Consolidated Furniture's share of the offer is approximately $190,000. The EPA
has not rejected or accepted the offer.

       There were other contingent liabilities at December 31, 1996 consisting
of purchase commitments and legal proceedings arising in the ordinary course of
business including environmental litigation. Fairwood believes that the
financial risk involved in connection with all other contingent liabilities,
except the proposed adjustments delivered by the IRS, see note 4, is not
material in relation to the consolidated financial position of the Company.


(13)   Liquidity

       Consolidated Furniture is expected to service its long-term debt under
the Credit Agreement, relating to the revolving credit facility, and senior
subordinated debentures from its cash flow from operations and available credit
facilities. As discussed in Note 5, interest on Fairwood's senior subordinated
pay-in-kind debentures and merger debentures was not paid on April 1, 1995,
October 1, 1995, April 1, 1996 and October 1, 1996 and Fairwood does not expect
to make the cash interest payments required under the Fairwood Debentures on
any future semi-annual interest payment date. Fairwood has substantially no
assets other than the common stock of Consolidated Furniture, and Consolidated
Furniture and its primary operating subsidiary have pledged substantially all
of their assets to secure their obligations under the Credit Agreement.
Furthermore, the ability of Consolidated Furniture and its subsidiaries to
transfer monies to Fairwood (including without limitation by dividend or
distribution) is restricted by instruments relating to Consolidated Furniture's
and its subsidiaries' debt, including the Credit Agreement. Certain instruments
related to the Credit Agreement have been amended at various times through
January 1997.




                                     - 34 -

   35

                     FAIRWOOD CORPORATION AND SUBSIDIARIES

                   Notes to Consolidated Financial Statements


(13)   Liquidity (continued)

       Throughout portions of 1996, 1995, and 1994, Consolidated Furniture did
not generate sufficient funds from operations to fully meet its interest
obligations related to its long-term indebtedness. Consolidated Furniture
funded these interest obligations through increased borrowings from CSCL under
the Credit Agreement. However, during 1994 and 1995 the proceeds from the
disposition of certain operating companies, including the sale of substantially
all of the assets and liabilities of Super Sagless were used to repay a portion
of the debt due under the Credit Agreement with CSCL. Additionally, during 1995
a substantial portion of the $15 million in proceeds from the factoring of
Stratford's trade account receivables was used to repay debt of Consolidated
Furniture due under the Credit Agreement with CSCL.

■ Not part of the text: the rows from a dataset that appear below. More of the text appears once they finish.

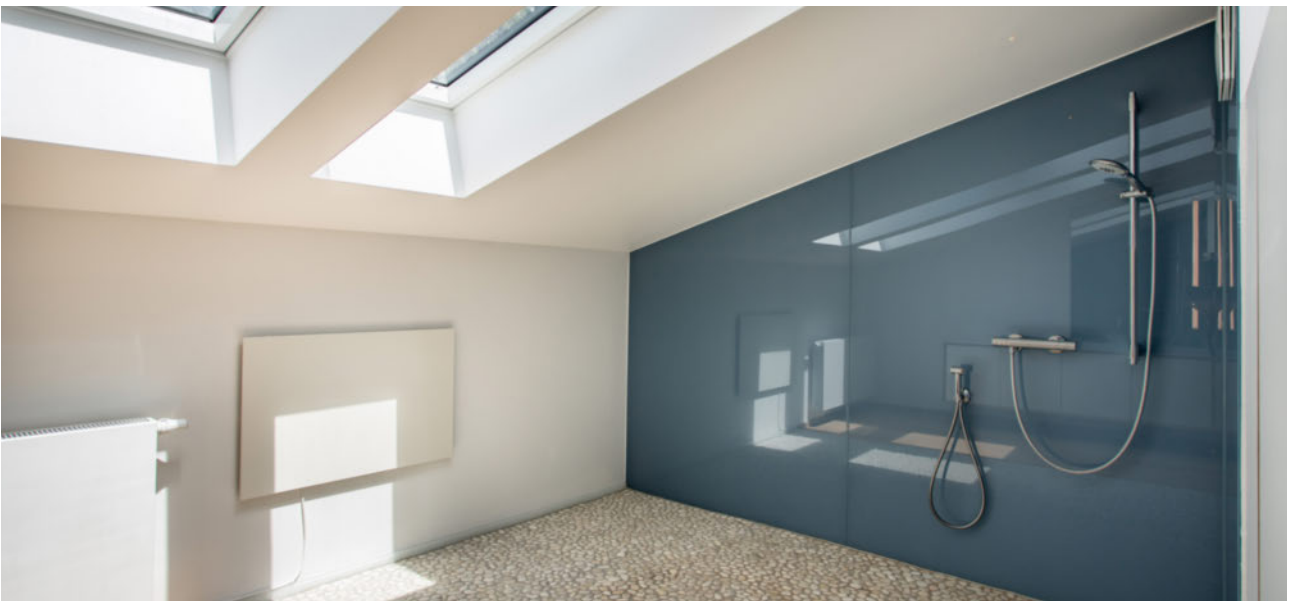
Badezimmer mit Dachfenstern
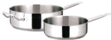
⑤ KYS NEWPRO IH片手浅型鍋 (蓋無) [AKAA-01] IH
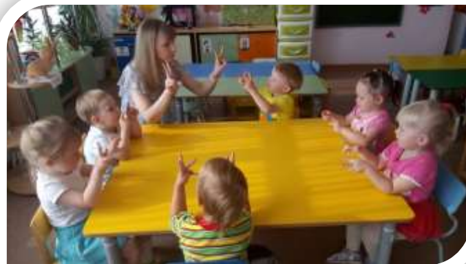
Взаимодействие с педагогом-психологом
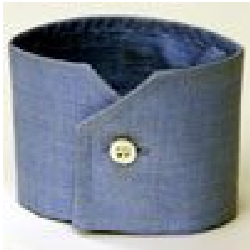
esagonale - 1 bottone
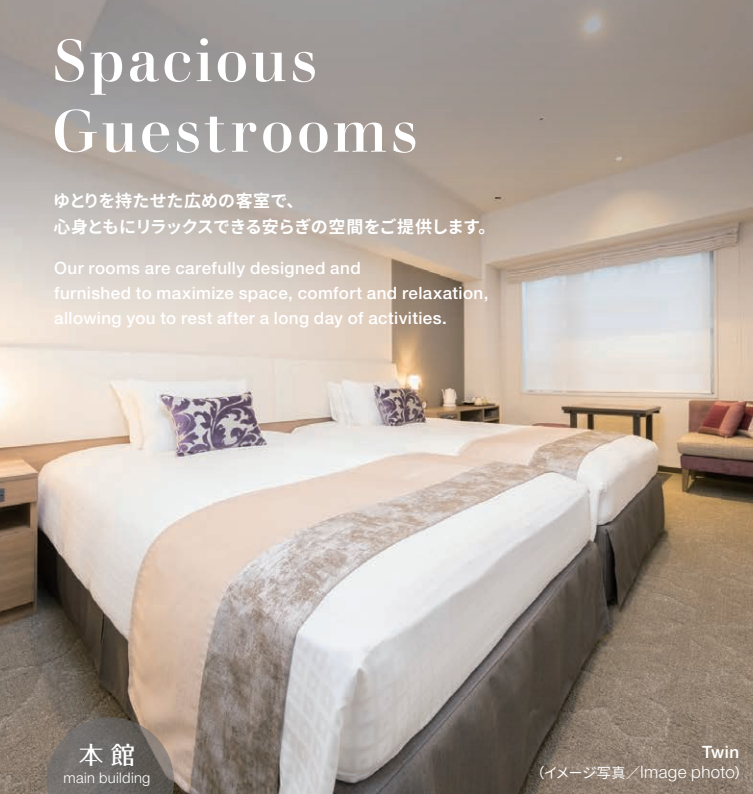
本館 main building

Our rooms are carefully designed and furnished to maximize space, comfort and relaxation, allowing you to rest after a long day of activities.

       Consolidated Furniture is dependent upon CSCL for funding of its debt
service costs. CSCL has in the past increased its revolving line of credit line
to Consolidated Furniture under the Credit Agreement which has enabled
Consolidated Furniture to meet its debt service obligations. Under the Credit
Agreement, Consolidated Furniture and its subsidiaries are generally restricted
from transferring monies to the Company with the exception of amounts for (a)
specified administrative expenses of Fairwood and (b) payment of income taxes.
Management believes funding from CSCL will be adequate for Consolidated
Furniture's working capital requirements and any cash payments due on the debt
of Consolidated Furniture through December 31, 1997.

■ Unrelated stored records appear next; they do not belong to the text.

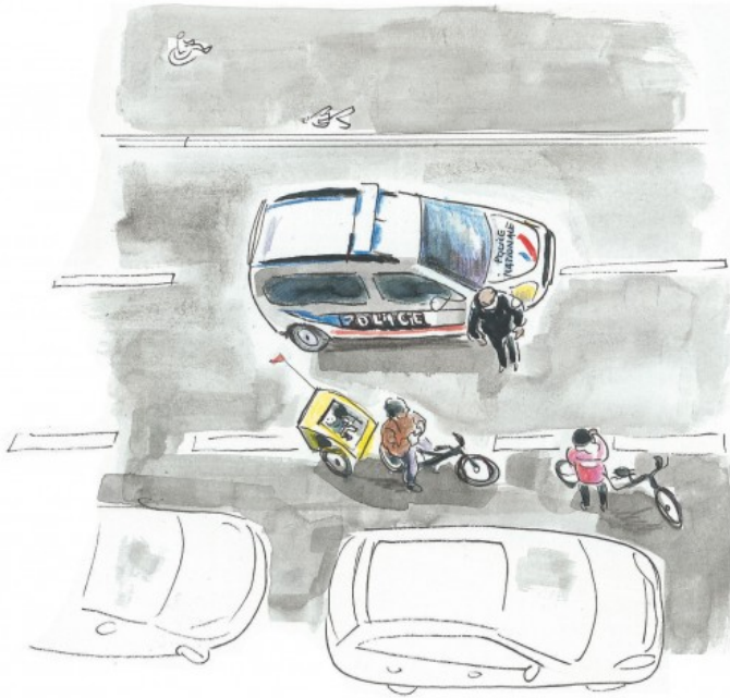
Dimanche 22 mars : les Vives se font arrêter sous nos yeux à bicyclette!
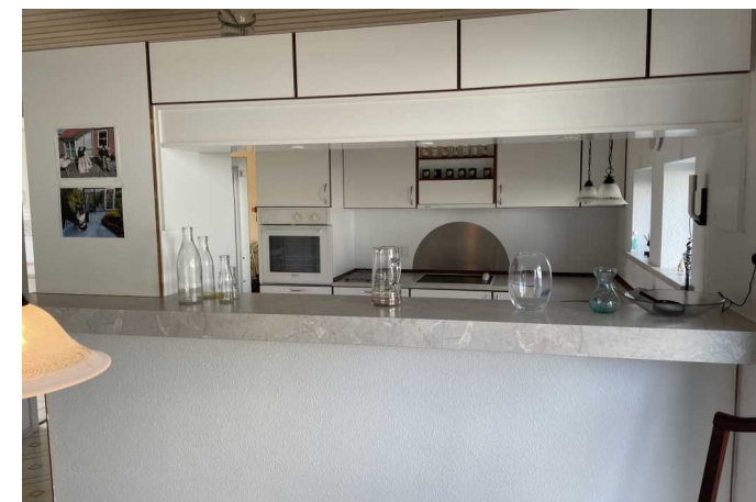
Køkken / alrum
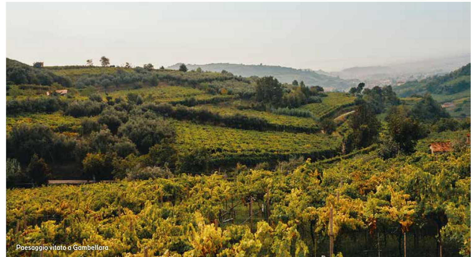
Paesaggio vitato a Gambellara

       However, cash flow from Stratford, Barcalounger and their parent
Companies Furniture Comfort and Consolidated Furniture will not be sufficient
to permit the Company to make cash interest payments on Fairwood's senior
subordinated pay-in-kind debentures and merger debentures. Consolidated
Furniture's credit facilities do not permit it to borrow funds to enable
Fairwood to make cash interest payments on the senior subordinated pay-in-kind
debentures and merger debentures. Accordingly, since Fairwood has failed to
make the interest payments required during 1995 and 1996, see note 5, and will
probably fail to make any future cash interest payments, the Fairwood
Debentures have been classified as current. Based on the terms of the Fairwood
Debentures, the failure to make the April 1, 1995 and subsequent period
interest payment constitutes an event of default which permits the acceleration
of the Fairwood Debentures by the demand of the holders of the requisite
aggregate principal amount of the debentures. Upon acceleration, the Fairwood
Debentures and all accrued interest would be due and payable.

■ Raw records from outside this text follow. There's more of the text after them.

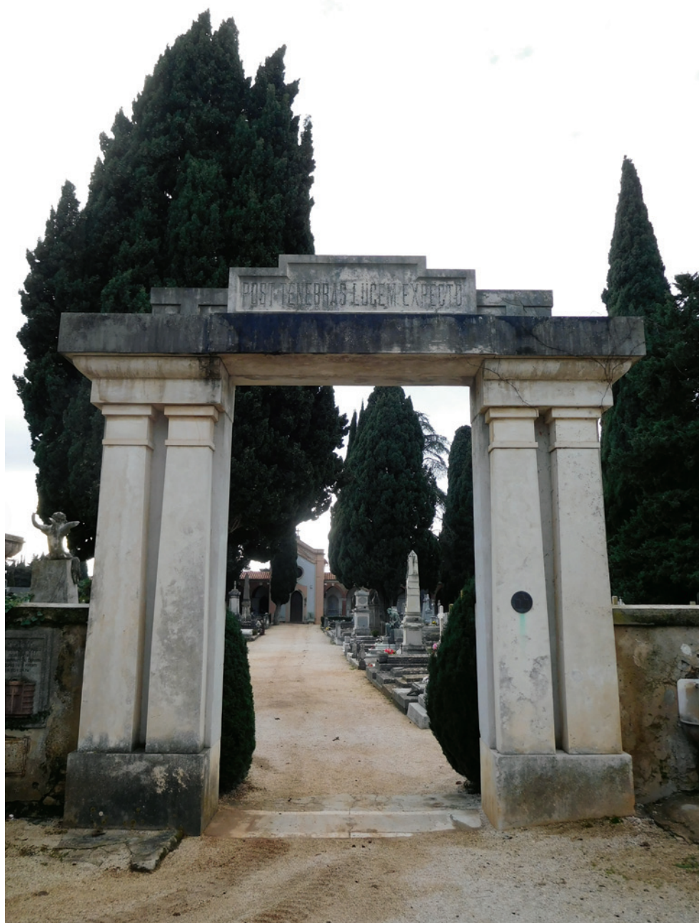
SLIKA 2. Zadar, Gradsko groblje, portal
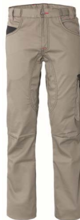
XA – BEIGE/BLACK
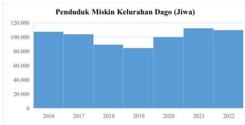
Matriks 1. 1 Jumlah Penduduk Miskin Kelurahan Dago Per 2022

Semenjak diluncurkannya Program Keluarga Harapan (PKH) pada 2007, Pemerintahan Kota Bandung ikut menjalankan Program Keluarga Harapan (PKH) pada 30 Kecamatan di Kota Bandung pada 2013, dengan berlandaskan Peraturan Walikota Bandung Nomor 18 Tahun 2019 tentang Pelaksanaan Verifikasi dan Validasi Warga Miskin Penerima Program Keluarga Harapan dan Bantuan Pangan Non Tunai. Salah satu wilayah Bandung yang melaksanakan Program Keluarga Harapan (PKH) adalah Kelurahan Dago Kecamatan Coblong dengan jumlah penduduk terbanyak yaitu 35.154 jiwa yang terbagi kedalam 105 RT dan 13 RW. Berikut merupakan data sekunder yang peneliti dapatkan terkait tingkat pertumbuhan penduduk di Kelurahan Dago yang setiap tahun mengalami peningkatan yang sangat signifikan.
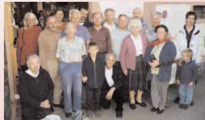
Mitarbeiter nach dem Beladen des 1000. LKW für Ost-Europa in der Schweiz
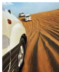
Jeep tour in den Sanddünen

Eine Tour mit dem Jeep führt Sie über Thumrait nach Ubar. Die reiche Oasenstadt findet bereits in den Erzählungen von „1001 Nacht“ und im Koran Erwähnung. Ausgrabungen brachten hier die Ruinen einer Festung, griechische Bronzestatuen und chinesische Steingefäße zutage. Klar war damit, dass es sich um einen alten Handelsknotenpunkt handelte. Viele der Fundstücke können Sie in einem kleinen Museum besichtigen. Offroad-Spaß bei einer Fahrt durch die Sanddünen runden den Ausflug ab. SAL 05

                                     - 35 -

   36

                     FAIRWOOD CORPORATION AND SUBSIDIARIES

                   Notes to Consolidated Financial Statements


(13)   Liquidity (continued)

       An involuntary Chapter 7 petition was filed on January 3, 1996 in the
United States Bankruptcy Court for the Southern District of New York against
Fairwood Corporation by certain bondholders. In response to the bankruptcy
filing, on April 22, 1996, Fairwood and certain other entities filed a
cross-motion seeking dismissal of the petition. On November 26, 1996 the motion
to dismiss was denied. On December 26, 1996 Fairwood exercised its right to
convert the pending involuntary bankruptcy case to a voluntary Chapter 11
proceeding as debtor-in-possession. Fairwood has indicated in Court papers that
it intends to propose a plan of reorganization with the bankruptcy Court at
some time in the future. The Chapter 11 case pertains only to Fairwood
Corporation. Its direct and indirect subsidiaries, including Consolidated
Furniture Corporation, Furniture Comfort Corporation, as well as their
operating divisions, Stratford and Barcalounger, are not parties to the
bankruptcy, nor are such operations under the supervision of the bankruptcy
Court. It is expected that currently these companies will continue to operate
in the normal course of business.







                                     - 36 -

   37

ITEM 9.   CHANGES IN AND DISAGREEMENTS WITH ACCOUNTANTS ON ACCOUNTING AND

          FINANCIAL DISCLOSURE

Not applicable.

                                  PART III

ITEM 10.  DIRECTORS AND EXECUTIVE OFFICERS OF THE REGISTRANT

Directors and Executive Officers

          The name, age and position or principal occupation during the past
five years of each member of the Board of Directors and executive officer of
the Company are set forth below. Directors serve for a term of one year and
until their successors are elected and qualified. Officers are elected annually
by the Board of Directors to serve for the ensuing year and until their
respective successors are elected.


 
                              Director     Position and Principal Occupation or
       Name              Age   Since       Employment Held During Last 5 Years
       ----              ---  --------     ------------------------------------
                                 

John B. Sganga            65   1990       Chief  Financial  Officer, Executive
                                          Vice President, Secretary and
                                          Treasurer since September 1989. Mr.
                                          Sganga has also been, inter alia, Chief
                                          Financial Officer, Executive Vice
                                          President, Secretary and Treasurer of
                                          Consolidated Furniture and Vice
                                          President, Treasurer and Secretary of
                                          each of Consolidated Furniture's
                                          subsidiaries since September 1989.
                                          Mr. Sganga has been a director of
                                          Consolidated Furniture and Furniture
                                          Comfort Corporation since February
                                          1990.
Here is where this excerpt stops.